Last week’s blog about the recent FCA CASS Dear CEO letter has prompted many questions, and particularly about the matched principal exemption. This is a brief note to address those common questions about the matched principal exemption.
What is the exemption and who can use it?
The matched principal exemption originated in the Capital Adequacy Directive, with amendments through the Capital Requirements Regulation. It allows a reduction in the amount of initial capital that an investment firm is required to hold provided the firm meets all of some strict criteria. It is available to investment firms only, so it does not apply to banks for example.
Has something changed recently?
Yes. As a result of MiFID 2 the exemption no longer applies to the MiFID definition of dealing on own account. Although the exemption still remains valid for prudential purposes.
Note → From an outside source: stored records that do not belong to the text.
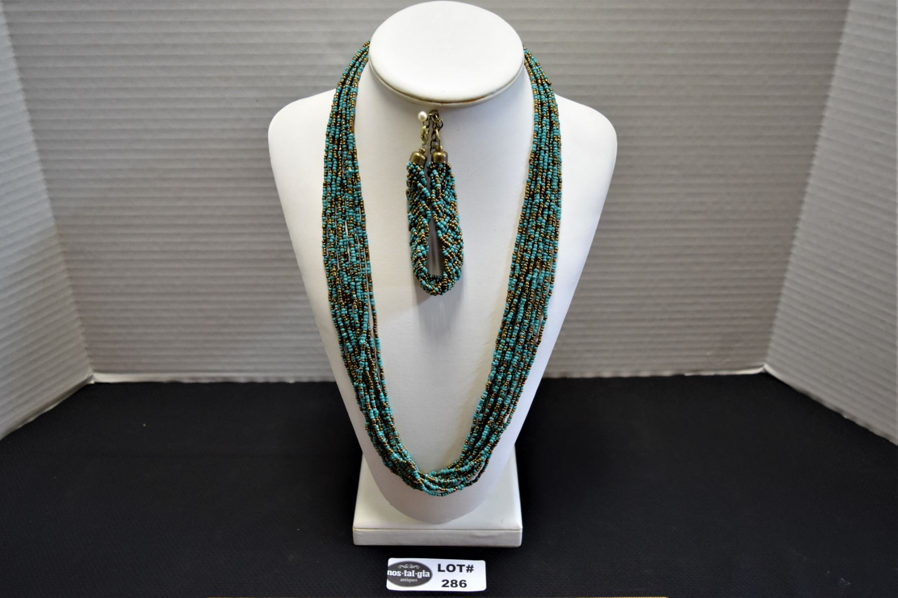Green and Gold Multi-Strand Seed Bead Necklace with Matching Braided Bracelet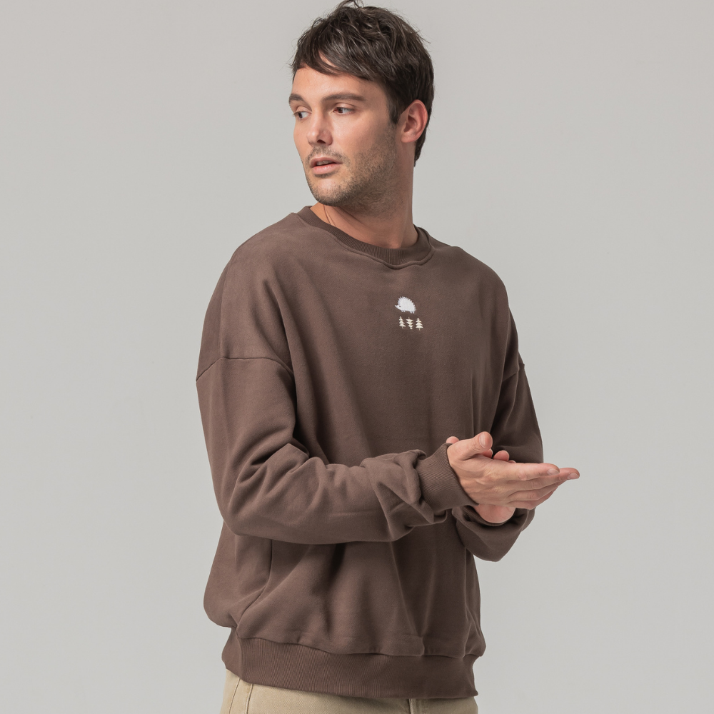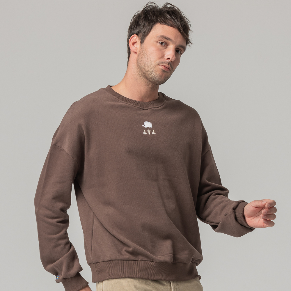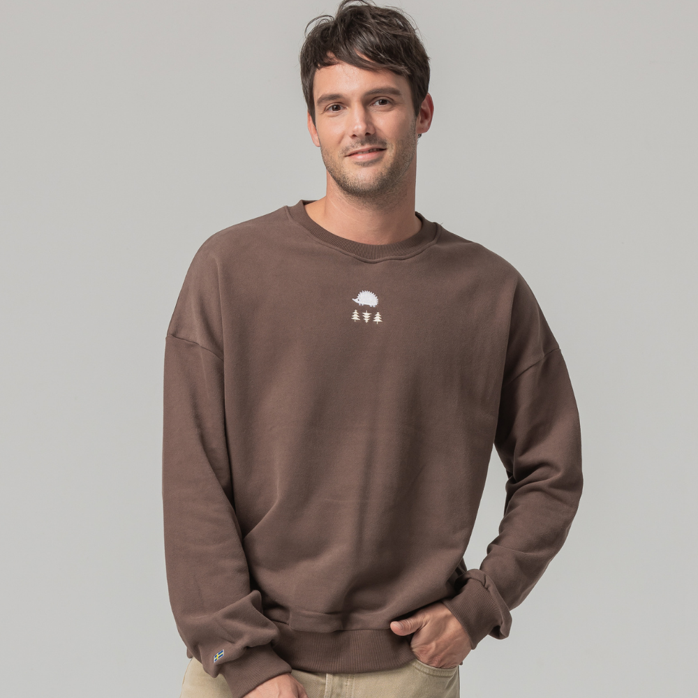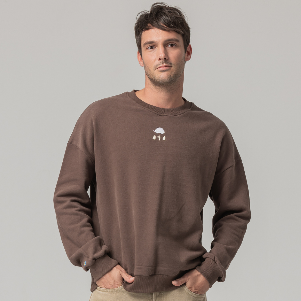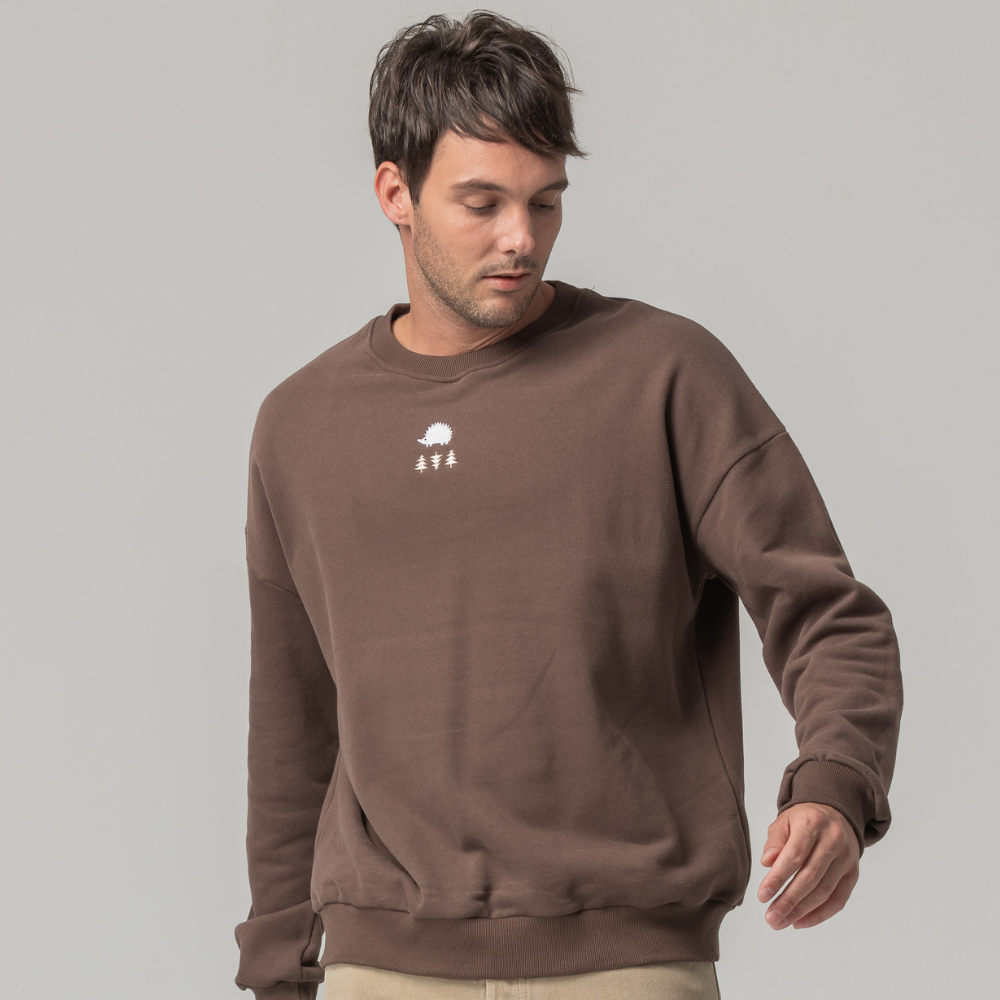 (現貨)SCANDINAVIAN FOREST北歐小刺蝟-森林電繡刺蝟雙面磨毛純棉大學T-咖啡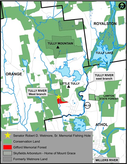 In 2002, the Gifford family protected their land as part of the Tully Initiative, a two-year partnership of Mount Grace, local landowners, and the State, which protected 9,000+ acres and was inspired by the celebration of the conservation of other Wetmore family land.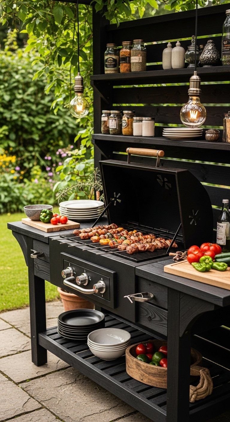 Move over stainless steel; matte black is the new king of cool. This station features a grill with a black powder-coated finish, paired with dark grey or charcoal cabinetry. The result is a moody, sophisticated look that disappears into the shadows at night, letting the fire and food take center stage. To prevent it from looking too heavy, incorporate light wood decking or a cream-colored stone backsplash. This high-contrast look is perfect for urban lofts or minimalist patios. The dark surfaces also hide soot and smoke stains better than lighter alternatives.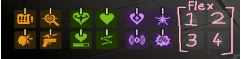 背包中的装备按类别分类成块。最左边的块是橙色的,用于武器物品,中间第是绿色的,用于活力物品,右边第二个是紫色的,用于精神物品,最右边的是弹性插槽。弹性插槽与其他类别的不同之处在于,你可以为它们购买任何先前类别中的任何物品。要解锁每个弹性插槽,你需要满足以下条件: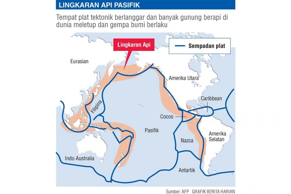 PUNCA GEMPA BUMI: Di kawasan Lingkaran Api terdapat sempadan plat-plat tektonik Bumi, iaitu tempat plat tektonik bertemu. Apabila plat tektonik tergesel, bahagian yang tergesel tersangkut pada satu sama lain. Tekanan terbina di kawasan tersangkut itu kerana bahagian lain terus bergerak. Tekanan itu akhirnya menyebabkan batuan di bahagian tersangkut pecah atau tergelincir, membuat plat terbabit terentap dengan kuat hingga mencetuskan gempa bumi. -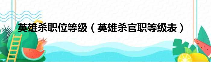 大家好,今天小六子来为大家解答以下的问题,关于英雄杀职位等级,英雄杀官职等级表这个很多人还不知道,现在让我们一起来看看吧!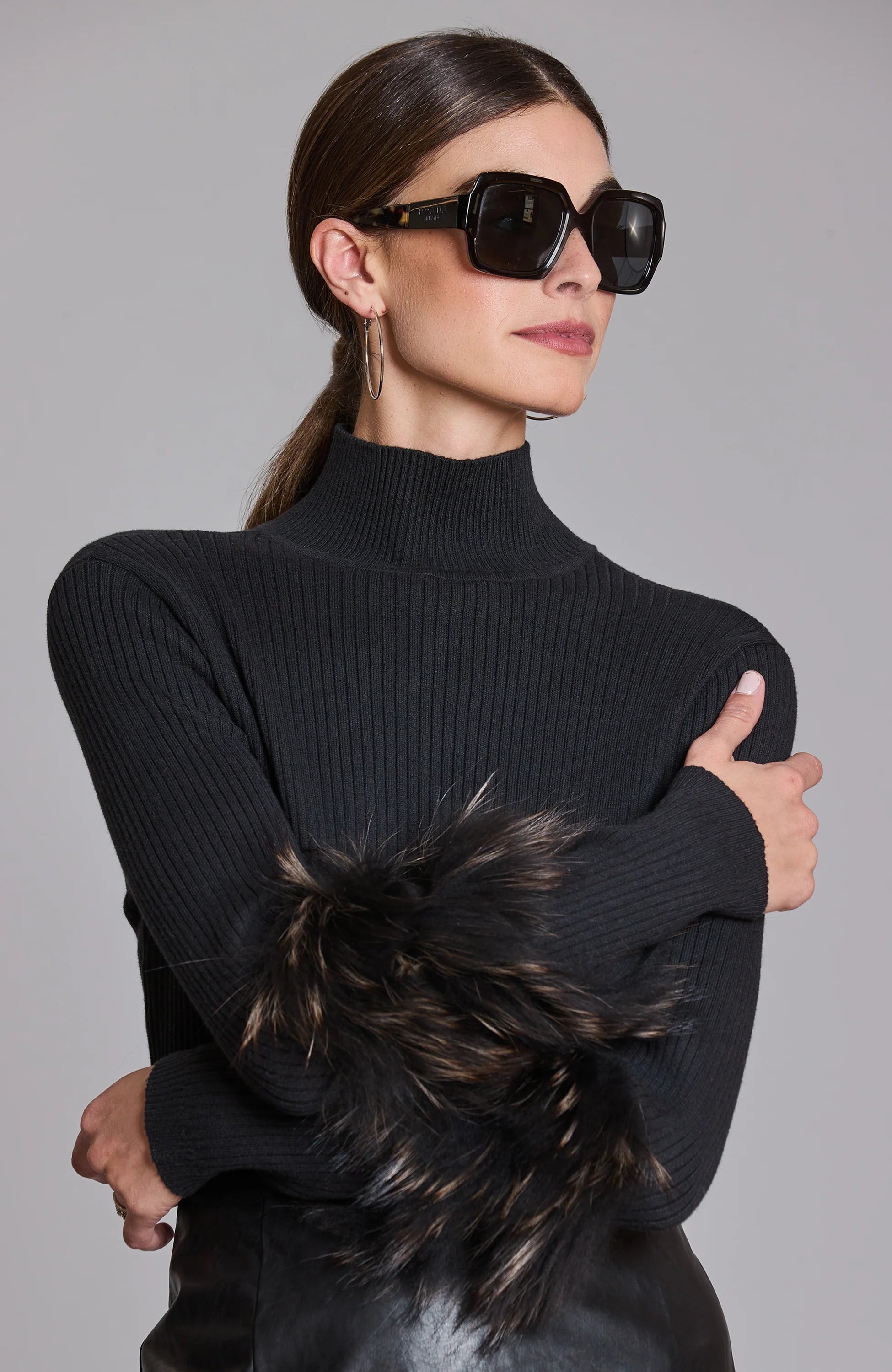 Take your turtleneck up a chic notch with a touch of faux fur. This special element takes a simple piece and makes it perfect for every type of occasion, day or night.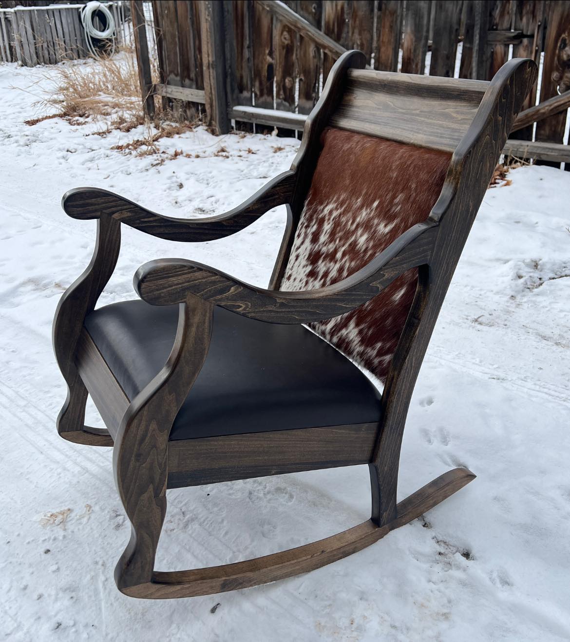 Rocking chair is constructed with a solid hardwood frame, top grain dark brown leather upholstery and cowhide yoke.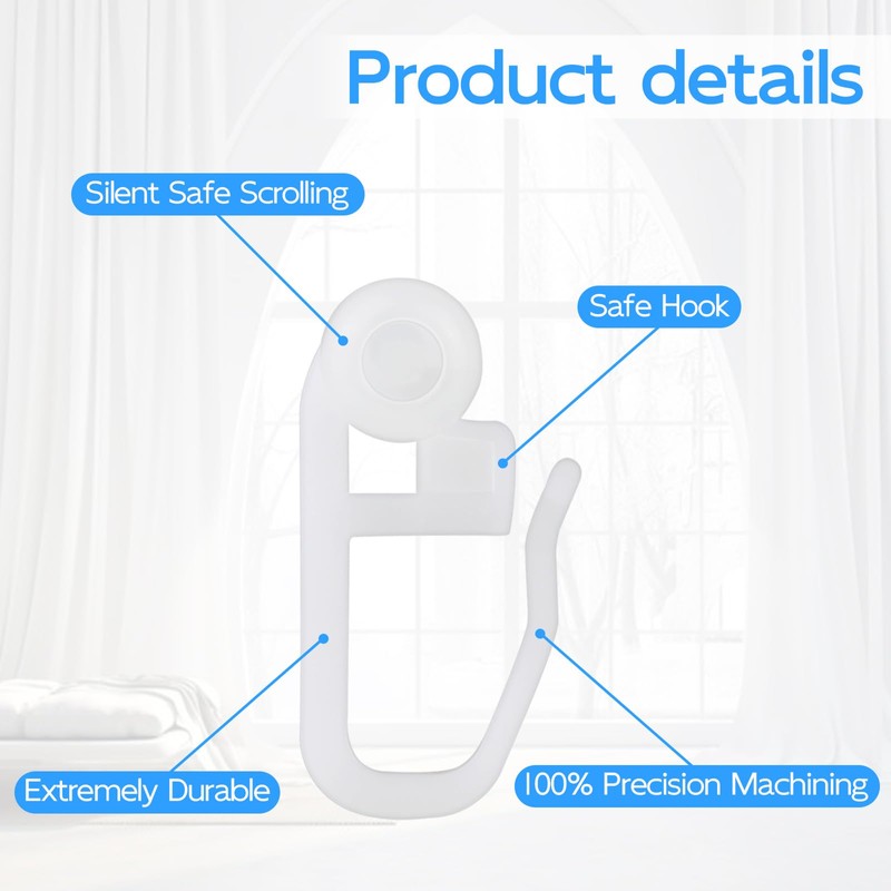 Folding hook with safety lock: the curtain hook has a lockable buckle, so that the curtain does not fall easily. Simply slide the plastic curtain hooks gently onto the curtain rail and you can assemble without additional tools.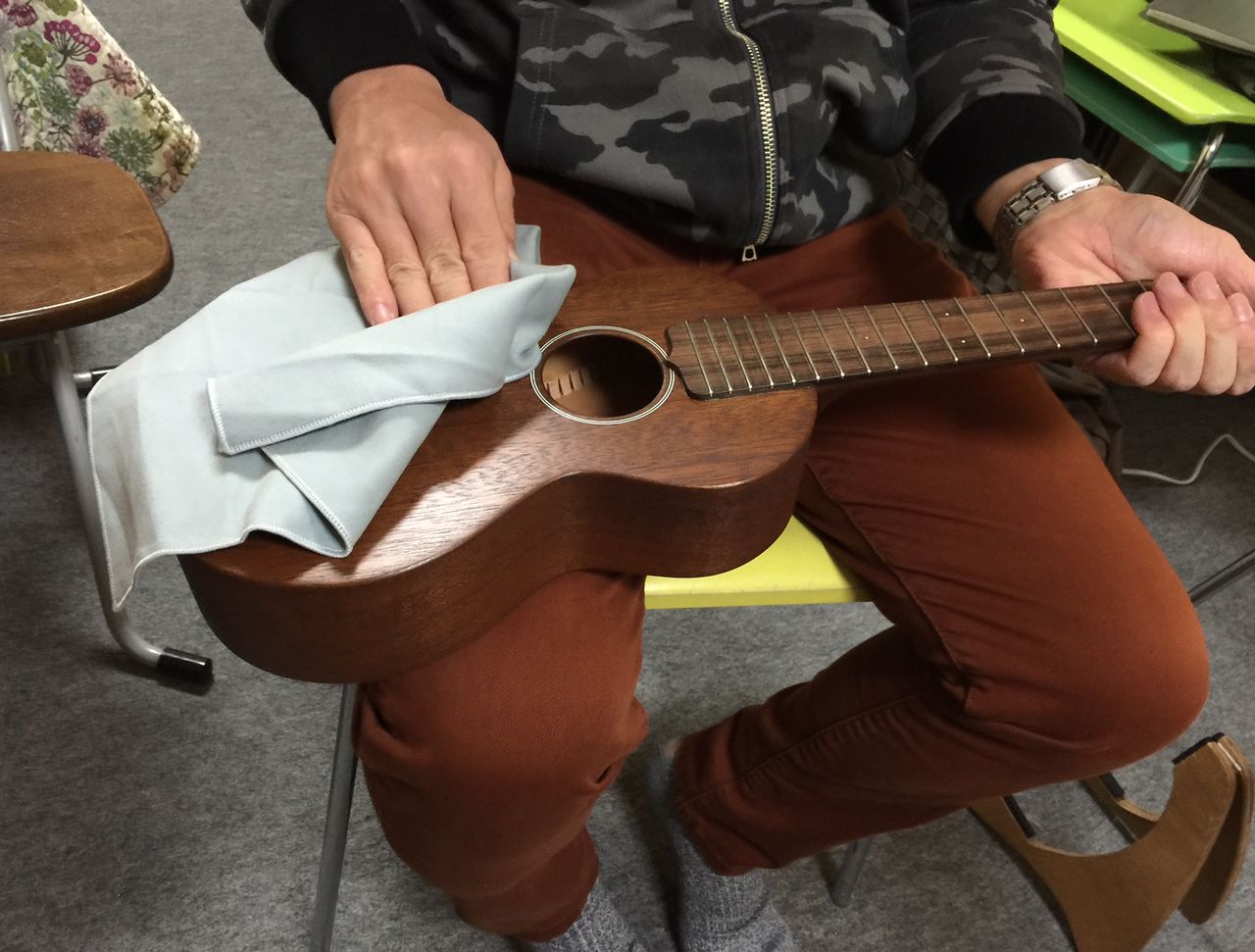 理由は、ウクレレを抱える姿勢を受講生に見てもらうため。
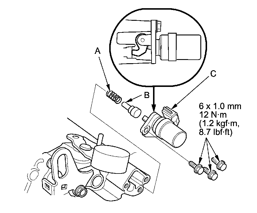 12. Install the select lock pin spring (A), the select lock pin (B), and the reverse lockout solenoid (C) with the flange bolts.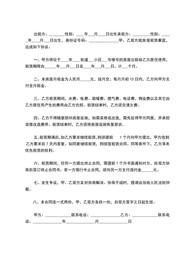 出租方:________性别:____年___月____日出生承租方:_________性别:_____年____月___日出生,身份证号码:_______________甲、乙双方就房屋租赁事宜,达成如下协议: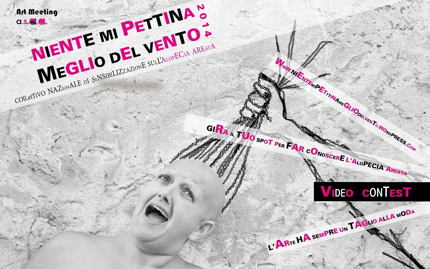 “Niente mi pettina meglio del vento” nasce con lo scopo di dare visibilità all’Alopecia Areata e di offrire attraverso l’arte un’informazione alternativa volta a sopperire la carenza di cultura sulla patologia e sensibilizzare l’opinione pubblica.

Under the current proposals for the new regime for Investment Firms which is scheduled to take effect next summer (2021) the matched principal exemption is being withdrawn completely.
What should I do if I am relying on the exemption?
If you are currently using the matched principal exemption you need to check two things:
Check if you have permission for dealing as principal permission, and
Check what transactions you deem as qualifying for the exemption against the examples given in the FCA’s letter.
You should also start your contingency plans for removal of the exemption, the effect of which will be that you will most likely need to hold additional regulatory capital.